Activity =>
In the entries that follow, repeat exactly the lines from the one that has "Caregivers’ scores classification" through the one that has "自適應對比度通過自動調整激光", but omit pictures.

Exercise data =>
/---

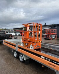 Alla våra pelarliftar var uthyrda och en kund hörde av sig och behövde en till. Inga problem, vi ser till att ordna det. Fem minuter senare var en ny lift beställd med omgående leverans. Imorse dök den upp hos oss och en timme senare var den funktionskontrollerad, hade fått nya dekaler och var lastad på släpet.
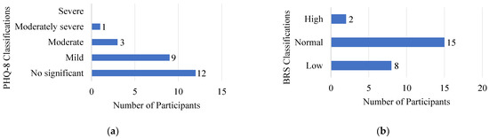 Caregivers’ scores classification on (a) the Patient Health Questionnaire (PHQ-8) and (b) the Brief Resilience Scale (BRS).
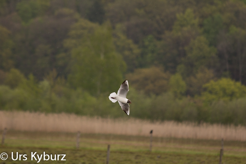 Nun wird’s aber Zeit, nach draussen zu gehen. Auf einem Steg bewegen wir uns zwischen dem Schilf, erreichen dann eine Strauchzone, wo eine Nachtigall lauthals ihr Lied schmettert. Eine Maus huscht im Laub umher, im Teich jedoch ist nicht viel los. So steuern wir den ersten Hide an. Wir haben freien Blick auf einen kleinen See und die Brutinseln der Lachmöwen. Diese veranstalten einen Heidenlärm.
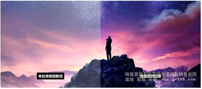 自適應對比度通過自動調整激光輸出到畫面,使影像更具深度,從而形成高對比度。使明亮場景看起來更明亮,而昏暗場景則保留深黑色和陰影的細節。
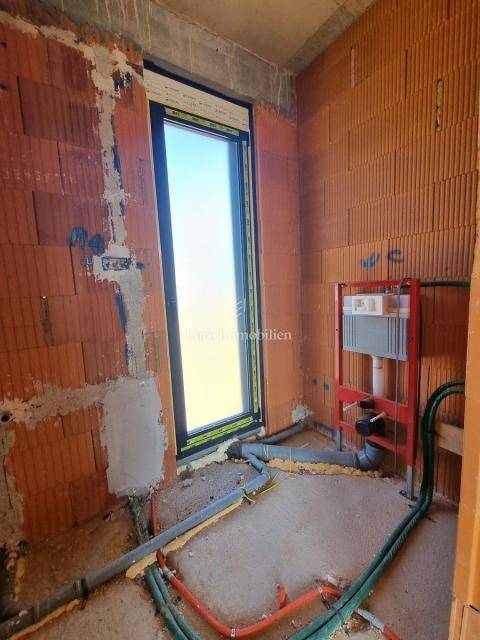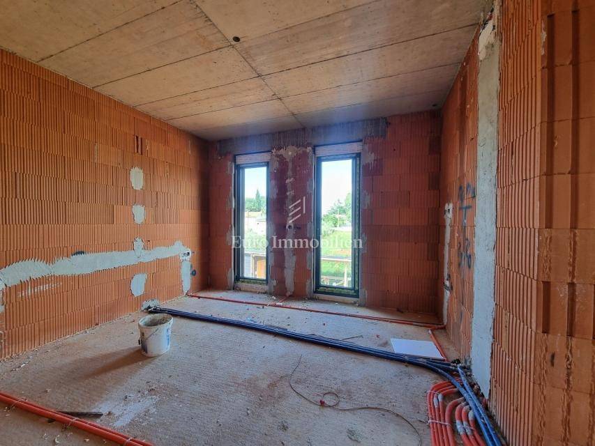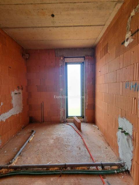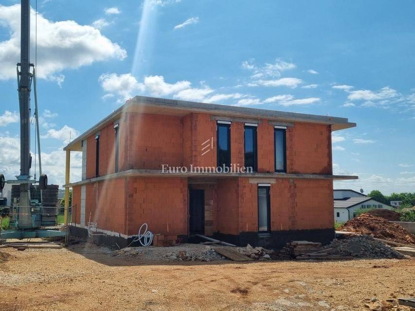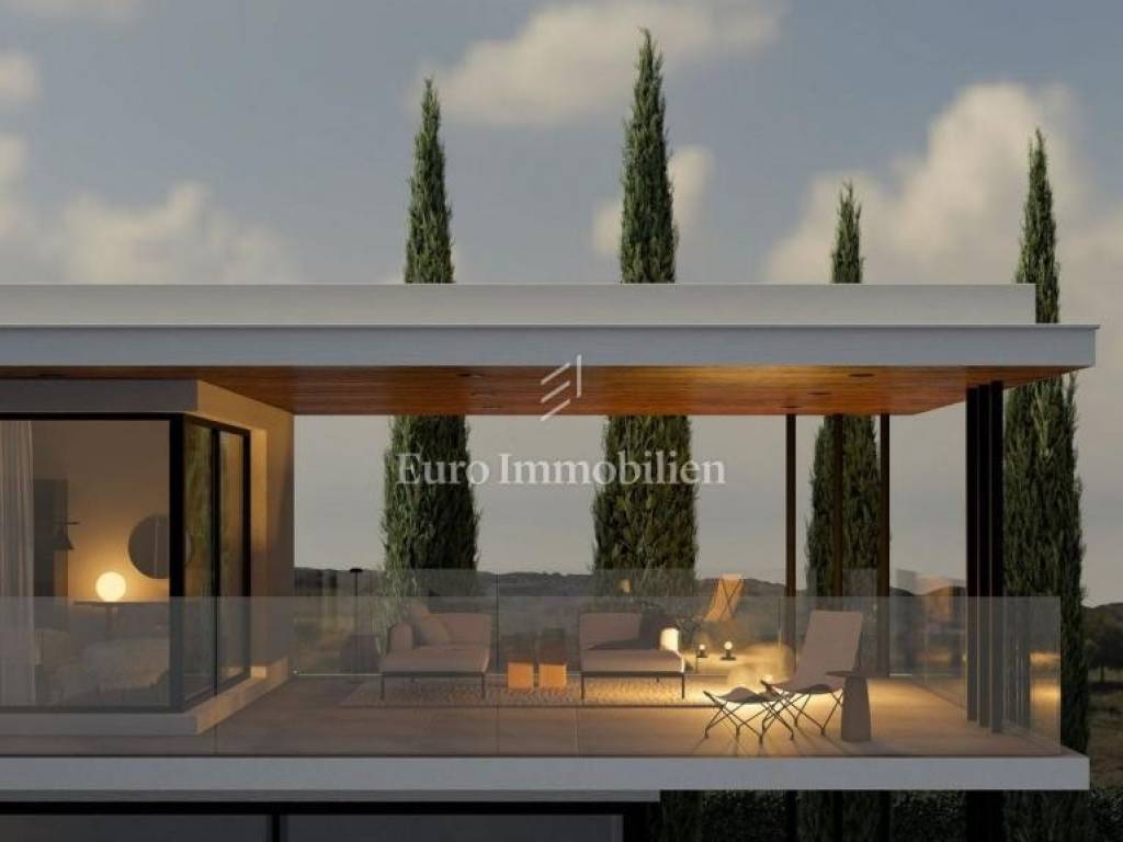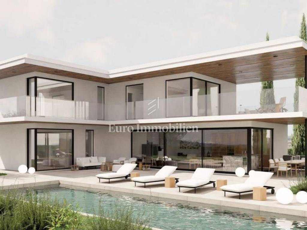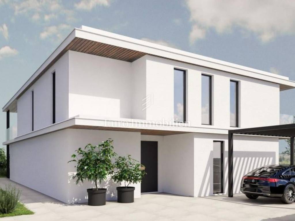 A beautiful villa of modern design is for sale, located in a small Istrian town not far from Poreč, only 8 km from the sea. It has a net usable area of 330.50 m2, and is located on a plot of 971 m2. It extends to the ground floor and first floor. On the ground floor there is an entrance hall, a large spacious living room - open space concept that is designed for the kitchen, dining room and living room, one bedroom with its own bathroom, toilet and storage room. The living room and the room have access to the terrace, garden and pool. Internal stairs lead to the first floor where there are three more bedrooms, each with its own bathroom. The master bedroom has access to a spacious covered terrace with a partial view of the sea. A large swimming pool and parking spaces are provided in the garden. The heating is underfloor with a Mitsubishi air-water heat pump, the cooling is a Mitsubishi multisplit. The exterior joinery is aluminum with blinds, mosquito nets and electric lifters. The entrance door is Pivot, while the interior door is Invisible, 2.30 meters high. Ceramics measuring 120 x 230 cm are provided in the bathrooms, and ceramics measuring 12 x 4 cm in the pool. The house is sold with installed ceramics and sanitary ware, installed parquet and ceramic floors, but without furniture.

\---

Exercise response =>
 Caregivers’ scores classification on (a) the Patient Health Questionnaire (PHQ-8) and (b) the Brief Resilience Scale (BRS).
 Nun wird’s aber Zeit, nach draussen zu gehen. Auf einem Steg bewegen wir uns zwischen dem Schilf, erreichen dann eine Strauchzone, wo eine Nachtigall lauthals ihr Lied schmettert. Eine Maus huscht im Laub umher, im Teich jedoch ist nicht viel los. So steuern wir den ersten Hide an. Wir haben freien Blick auf einen kleinen See und die Brutinseln der Lachmöwen. Diese veranstalten einen Heidenlärm.
 自適應對比度通過自動調整激光輸出到畫面,使影像更具深度,從而形成高對比度。使明亮場景看起來更明亮,而昏暗場景則保留深黑色和陰影的細節。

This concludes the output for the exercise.